YEEEEEEEEE-o-o-o-o-oowwwwwwwww!


…True, we travel this treacherous road at our own risk; but could we ever have supposed it might prove otherwise? And if the absence of “signs” and “dividin’ lines” and “rules to guide” guarantees a hazardous journey, it also promises times when this heaven-bound ride is indescribably wild and sweet and free; things will get “out of hand”—“always”—but even that inevitability has its compensations, so long as we are among friends.

Still and all, “if the horse don’t pull, you got to carry the load”—that is, if the communal vehicle and the full power of the community’s combined energies will not bear one safely through, then the whole burden of care and growth must rest upon oneself.

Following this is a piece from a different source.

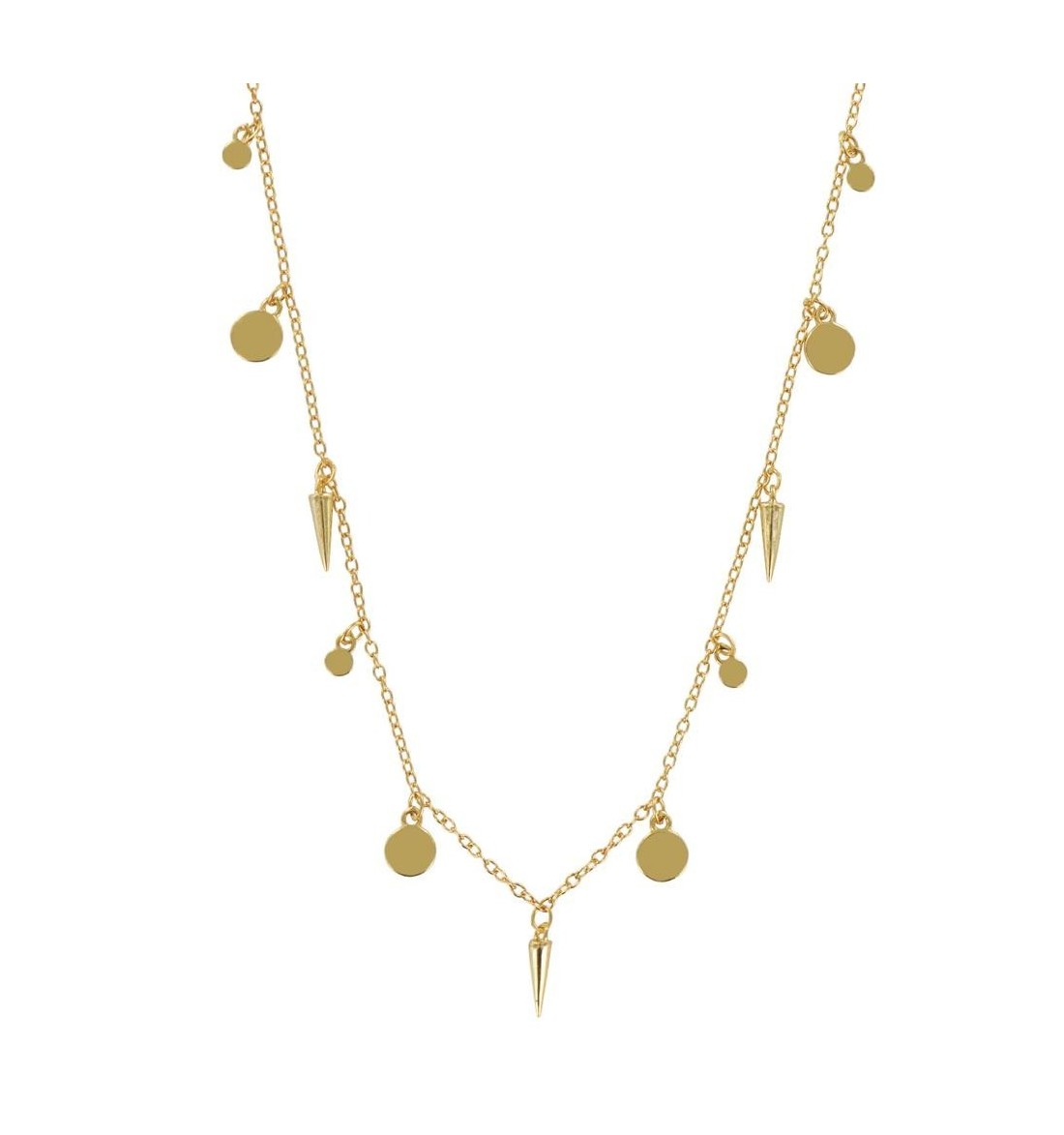 Collar con plaquitas minis, redondas y pinchos, de plata 925 y baño de oro. -

And, the minstrel cautions, it may well be that none of us is capable of that effort, that the whole enormous enterprise will come to nothing. But this is a time of testing, of pitting our strength against all the forces that oppress us—our guilt and our despair; our selfishness, our failures and our fear of failure—for “one way or another” relief must come, these gloomy times must pass, the darkness will give.

Thus “New Speedway Boogie” is at once a sober—if highly subjective—study of a violently traumatic moment in the course of human events, a desperate prayer for deliverance, and a hymn of hope. And when those final fervent lines—

One way or another
One way or another
One way or another;
This darkness got to give.

—come echoing and reechoing down like “Excelsior!” from the heights, it also becomes an anthem quite as stirring, in its own somber introspective way, as “Onward, Christian Soldiers.”


“When I talk about musicians, I’m talkin’ about people who make music, not just people who are technically perfect. Music bein’ That Thing Which Gets You Off. I mean, that’s just my definition of that word. And when you’re playin’ and really Gettin’ Off that way, it’s like when you’re drivin’ down a road past an orchard, you know, and you look out and at first all you can see is just another woods, a bunch of trees all jumbled up together, like there’s no form to it; it’s chaos. But then you come to a certain point and suddenlyzing! zing! zing!there it is, the order, the trees all lined up perfectly no matter which way you look, so you can see the real shape of the orchard! I mean, you know what I mean? And as you move along, it gets away from you, it turns back into chaos again, but now it doesn’t matter, because now you understand. I mean, now you know the secret….”

1A very literal interpretation of the refrain might also make reference to the fact that the Dead, scheduled to go on after the Stones, never actually played that day; thus they had ample opportunity to climb “the hill” overlooking the scene and see for themselves that things were indeed “gettin’ out of hand.”